ASSIGNMENT: Output the listing exactly, without its pictures.

DATA:
◆ ◆ ◆
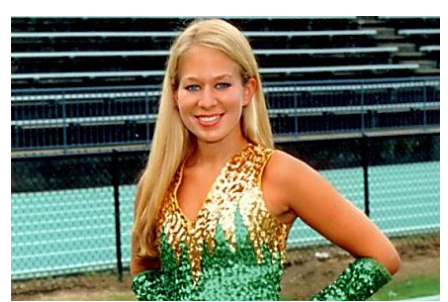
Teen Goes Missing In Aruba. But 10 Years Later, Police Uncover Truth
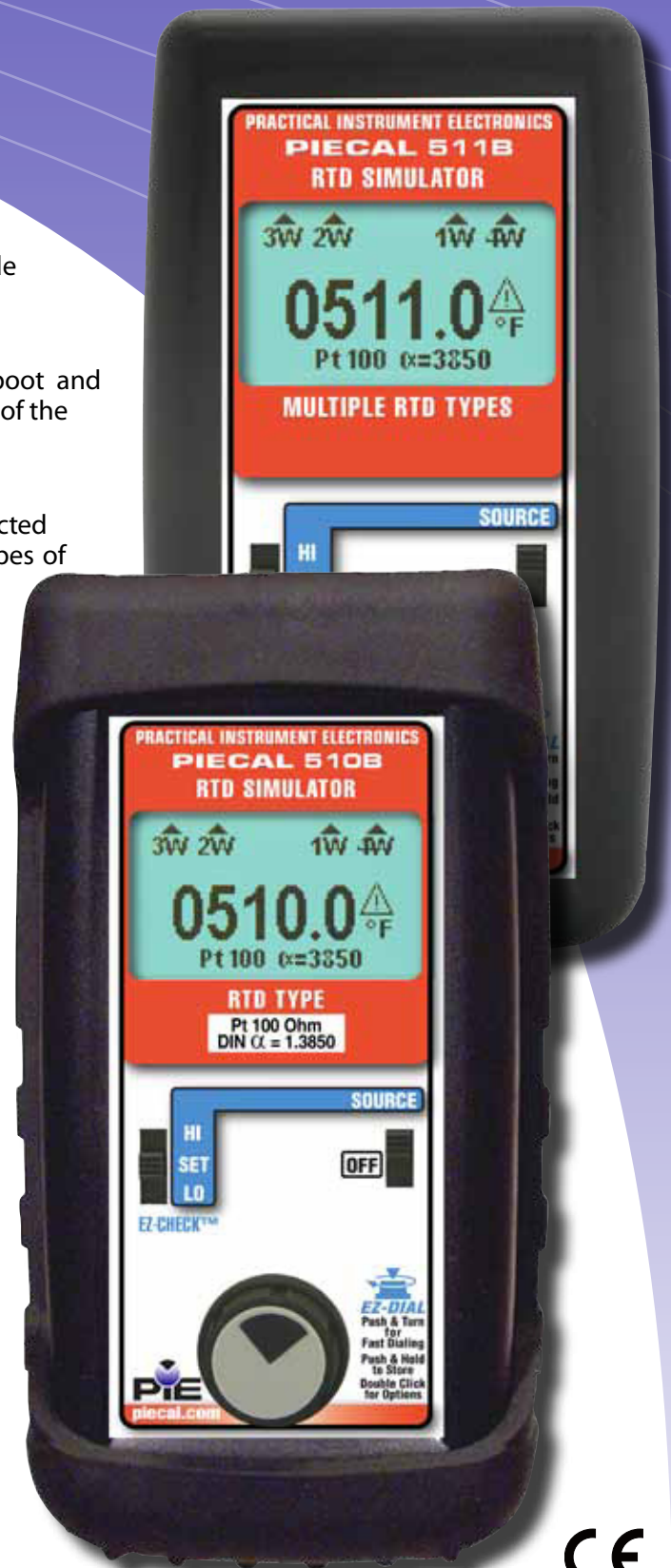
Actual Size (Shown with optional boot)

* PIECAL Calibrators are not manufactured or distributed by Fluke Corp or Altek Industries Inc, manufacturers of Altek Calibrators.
◆ ◆ ◆
ANSWER BOX:
Teen Goes Missing In Aruba. But 10 Years Later, Police Uncover Truth
Actual Size (Shown with optional boot)

* PIECAL Calibrators are not manufactured or distributed by Fluke Corp or Altek Industries Inc, manufacturers of Altek Calibrators.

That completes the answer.